Thursday, July 04, 2013

Aboriginal rock paintings

Us modern humans are the odd ones, with our aircraft crossing thousands of miles in a couple of hours, communicating with those on the other side of the planet as if they are next door.

Humanity has a deep time, going back tens of thousands of years, and most of our history was different, slower, for it is today that is the exception.

But you don't often get to experience those most ancient of days. One of the few chances is in those cultures that have kept a connection to that era, and the Aboriginals in Australia are one.

In the Grampians are rock shelters where you can see hand prints, animal tracks and stick figures, such as those above, and I was very keen to see them.

It was quite a long drive to the far north west of the national park, along authentic feeling dirt roads (below) to reach the Gulgurn Manja and Ngamadjidj shelters.
Light was fading, and at the second site I was the only person there. There is no permanent presence to keep watch, and for that reason they have a metal cage around them, which was a shame, though understandable.

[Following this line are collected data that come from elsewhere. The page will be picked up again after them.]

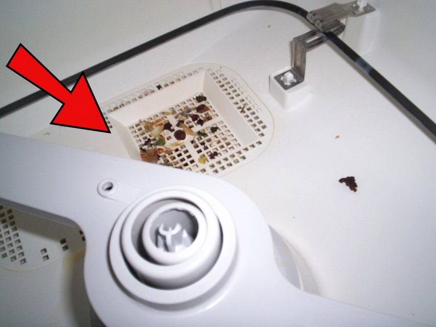 Нужно следить за тем, чтобы даже мельчайшие частички еды смывались водой, а не оставались в отделении для мытья. Крупные куски необходимо вытряхивать из специального отстойника.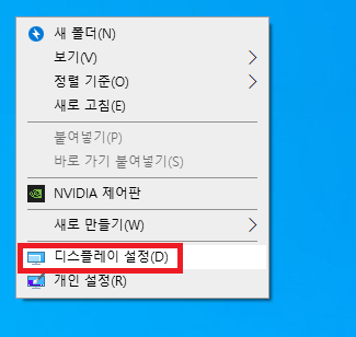 ▶ 바탕화면에서 마우스 오른쪽 클릭을 하신 후 "디스플레이 설정(D)" 을 클릭합니다.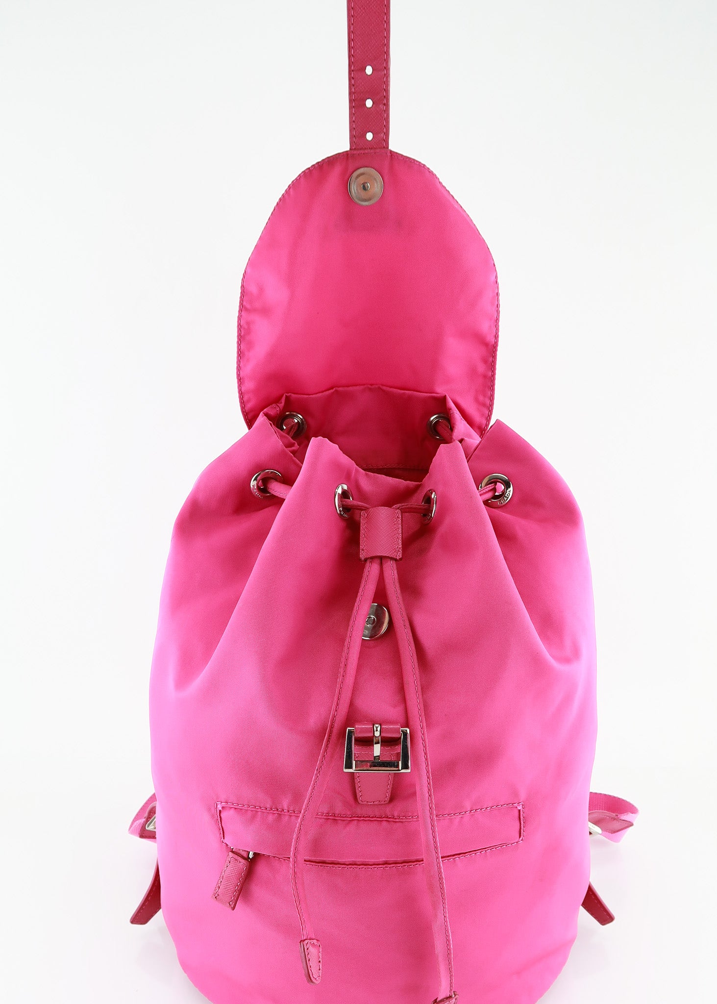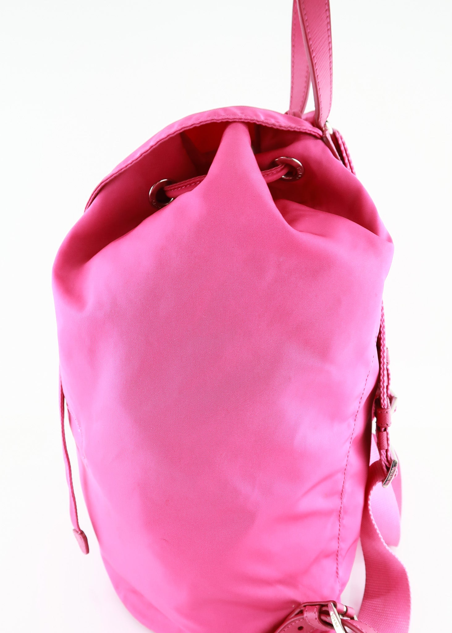 This Prada Nylon Vela Backpack in pink features a draw string entry, magnetic snap closure, large interior, front zipper pocket and wide adjustable shoulder straps. Rare color find! Perfect for travel because it’s very easy to clean! Designer Arm Candy guarantees 100% authenticity of this item. See pics for more details.

But you can see the images clearly:
The text and guide book described their spiritual significance, but also of how the rocks would be meeting places, visible from the plains below:
It was that image that caught my imagination, of people coming there for various reasons, and meeting.

There'd be friends catching up, rivals eyeing each other up, lovers flirting, families visiting, sages watching for signs, navigators inspecting the landscape to connect mental maps, hunters looking for prey, warriors for enemies, people chatting and gossiping, children playing...

In other words all the things that we do today, all the things that make us human.